The researchers also noted that while high complexity makes it difficult for BaFin to fulfill its IT oversight responsibilities, the key question is whether this complexity stems exogenously from processes outside the banks’ sphere of influence ( i.e. outside the BaFIN supervisory authority) or endogenously from the banks “Strategic and technical decisions remain”largely unanswered”.
Recommendations for action
The authors therefore make various recommendations for action to BaFin, including the first on which the regulator has already acted. These recommendations include the following four points:
- Measurements and tests of the PSD2 gateway
- Creation of an area map
- Better use of available information
- Closer cooperation with data protection authorities and competition authority
Although the authors themselves conclude that the study itself did not reveal any need for urgent action, they nevertheless recommend that BaFin take preventive measures against possible exploitation of the PSD2 gateway, especially if it responds the requirements of Articles 30 and 32 (1) of Regulation (EU) 2018/389. It could be done by yourself”risk exercises“, i.e. by accessing the interfaces by means of falsified eIDAS certificates as well as by means of real but revoked eIDAS certificates, or by organizing “bug bountiesi.e. contests and impunity rules for private or third-party programmers.
According to the study, the creation of sectoral mapping would require a lot of effort on the part of companies and the supervisory authority, but would still make sense. Similar to the Digital Operational Resilience Act (DORA), a register containing detailed information should be created and should not be limited to existing service providers or two layers of detail, but should include all associated service providers. BaFin has already made initial adjustments in this regard, according to which companies should disclose more information about subcontractors and present them in a better way.

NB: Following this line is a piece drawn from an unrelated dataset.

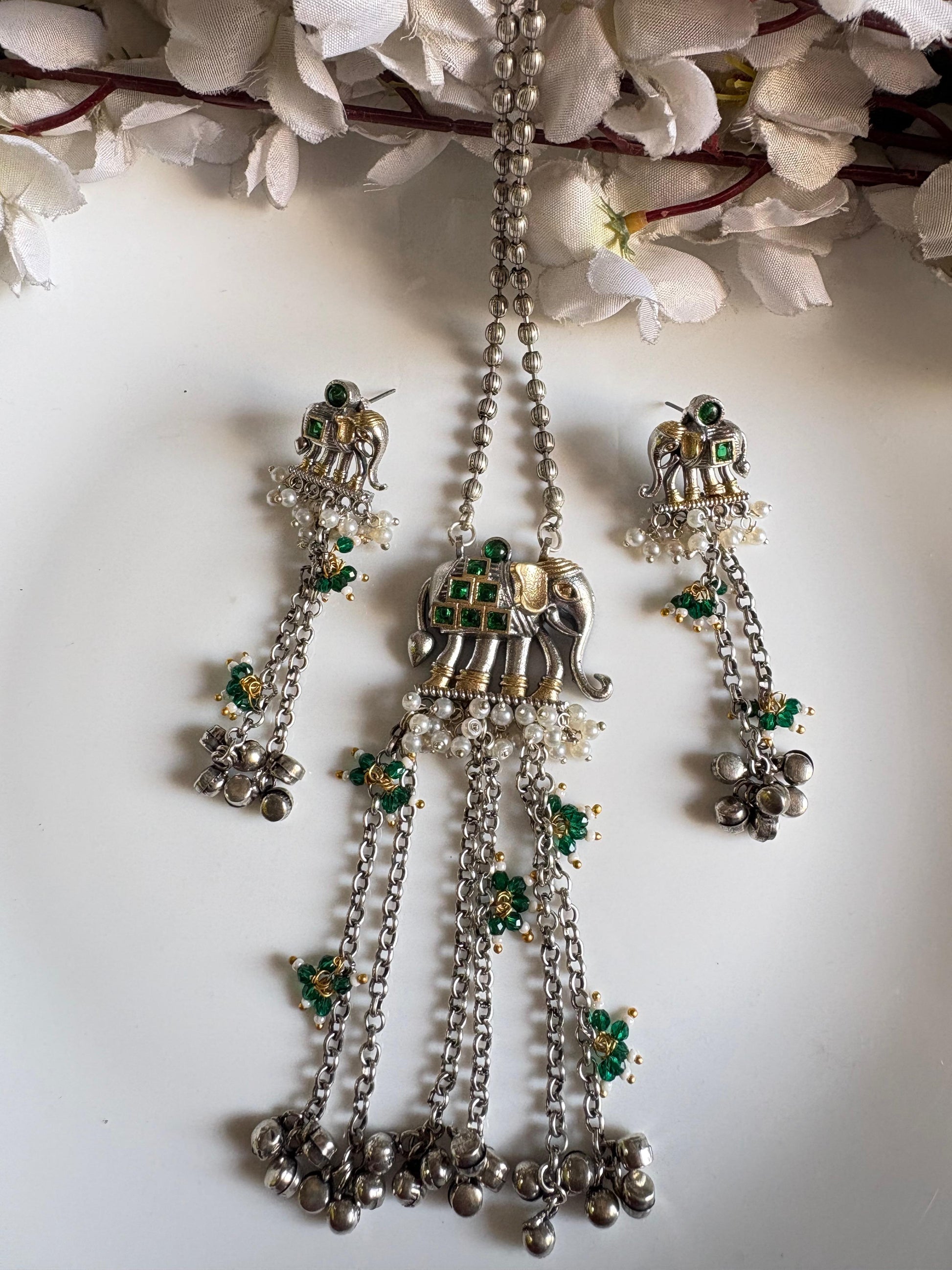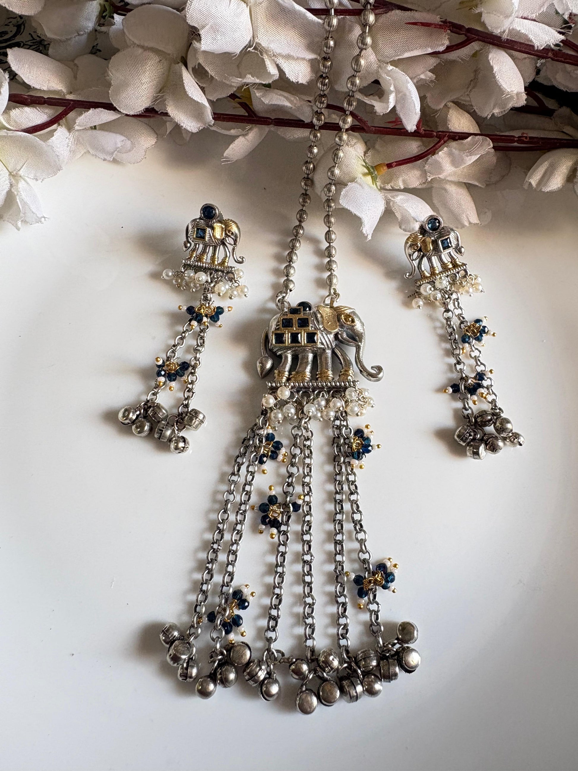Royal Elephant Silver Necklace Set with Matching Earrings

Along with this, the supervisory authority should use its “high leverage” and request more data from supervised parties so that “the increasing complexity is not worth it for market participants, for example by disproportionately increasing the burden of the monitored parties compared to that of the IT supervisor”. In addition, it should also make more use of other data sources, especially public sources such as news articles or, in the field of cryptocurrencies, publicly available ledger and blockchain data.

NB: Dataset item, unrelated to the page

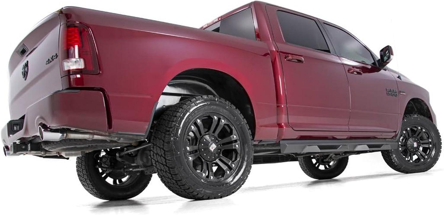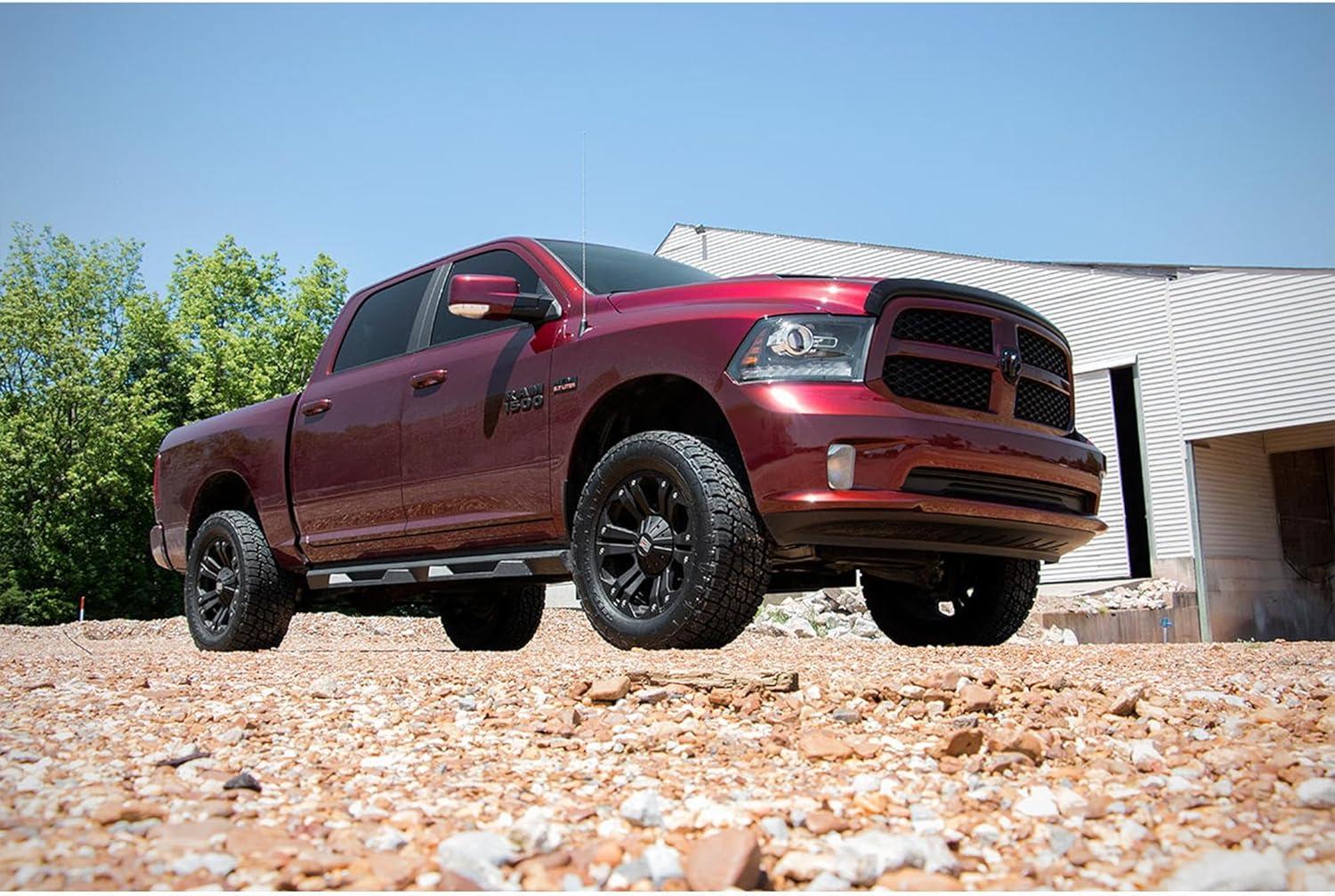 Rough Country's 3″ Bolt-On Kit offers easy installation and aggressive good looks at an incredible value. Take your truck to new heights with this excellent option for RAM 1500 pickups. This kit features a set of high-quality, tubular Upper Control Arms designed to make alignment adjustments easier and Clevite rubber bushings for enhanced durability. These arms are designed to promote a factory-like geometry by keeping the ball joint at optimum angles after lifting. This design allows for an improved, greater range of motion from the ball-joint, with less stress, wear and tear.

In time, BaFin will also work more closely with data protection authorities and the competition authority, for example via “daily communicationand “sSynchronization of monitoring tasks(which could mean large-scale coordinated audits).
While interfaces are just one of many interfaces and therefore a cumbersome way for cybercriminals to exfiltrate data, the migration of desktop services takes precedence over payment services and the market power of large companies. technologies can anyway not be prevented by local regulations, the question arises benefit from other obligations with high expenses for companies as well as BaFin has to provide.
Nevertheless, this does not seem to prevent the authors of the study and the BaFin from putting a lot of effort into creating a detailed register and therefore from asking companies for even more information. Organizations must therefore be prepared to provide detailed information about their contractors, down to remote contractors, and possibly prepare for “friendly” exploitation of vulnerabilities. In addition, it can be recommended to prepare the PR department even more precisely for possible infringements in order to avoid negative media coverage.